Etravirine, a second generation NNRTI, has been demonstrated to be effective on HIV strains
with prior resistance mutations on reverse transcriptase impacting other NNRTIs, such as
nevirapine, efavirenz or rilpivirine. It has even been used in salvage therapy, in
association with darunavir and raltegravir, in uncontrolled patients with multiresistant
strains. Etravirine is mostly prescribed twice daily, and is a strong enzymatic inducer
providing many DDIs, complicating its use.

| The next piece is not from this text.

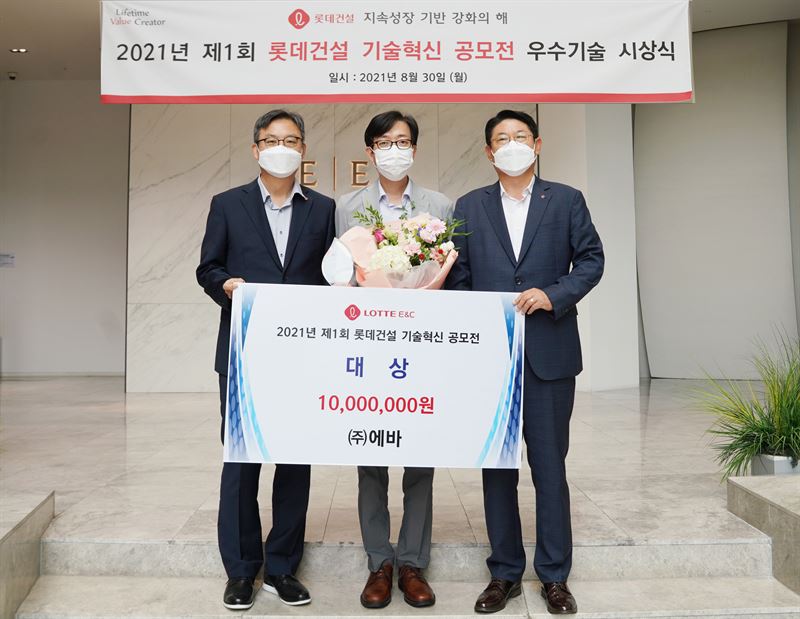 대상을 수상한 ㈜에바 이훈 대표는 “스타트업 기업은 대기업에 기술을 소개하는 진입장벽이 매우 높아 기회가 없는데 이번 공모전을 통해 당사 기술을 알리고 적용할 수 있게 되어 매우 감사하다”며 “롯데건설의 적극적인 기술혁신의 발걸음에 맞춰 당사도 최선을 다하겠다”고 수상소감을 밝혔다.

Doravirine, a last generation NNRTI, is approved in treatment-naïve and experienced
HIV-infected individuals. In the DRIVE-FORWARD study, doravirine 100 mg QD, in combination
with either TDF/FTC or ABC/3TC, achieved high virologic success at week 48 and was
non-inferior to DRV/r + 2 NRTIs regardless of baseline HIV-RNA. In the DRIVE-AHEAD study, in
treatment-naïve adults with HIV-1 infection, doravirine + 3TC/TDF administered once daily
demonstrated a high antiviral potency with non-inferior efficacy to EFV/FTC/TDF regardless of
baseline HIV-RNA, and a low rate of resistance, with only 1.6% of participants developing
resistance to any study drug through W48. For virologically suppressed patients considering a
change in therapy, switching to DOR/3TC/TDF was shown to be a well-tolerated option which was
non-inferior to continuation of the previous regimen, with high rates of virologic
suppression and low rates of virologic rebound. Long term results from the DRIVE-SHIFT trial
showed that doravirine maintained virologic suppression and was generally well tolerated
through 144 weeks of treatment. DOR/3TC/TDF as switch therapy showed a favorable lipid
profile compared with previous regimens and results in minimal weight gain. The convenience
achieved through switching to a DOR based regimen serves to achieve regimen simplification
and could respond to patient demands for increased tolerability.
The DOR resistance profile is distinct from that of other NNRTIs with the in vitro selection
of mutations at reverse transcriptase (RT) positions 106, 108, 188, 227, 230, 234 and 236. In
vitro studies have also suggested that DOR has activity against viruses with certain
mutations selected by other NNRTIs, including the K103N and Y181C mutations. In the
DRIVE-SHIFT trial, conducted in virologically suppressed patients, 24 participants had a
virus with baseline NNRTI mutations (K103N, Y181C and G190A) and 23/24 who switched to
DOR/3TC/TDF remained virologically suppressed at the 48-week follow-up. This suggests that
the most frequent NNRTI mutations at RT mutation positions 103, 181 and 190 probably not
impact DOR activity in vivo.
Due to its virological properties, we believe that doravirine can advantageously replace
etravirine, maintaining control of viral replication, in combination with other
antiretrovirals, in virologically controlled patients, despite possible exposure to NNRTIs in
the pass. Furthermore, doravirine is taken as a single tablet once a day, and causes almost
no drug interactions, unlike etravirine.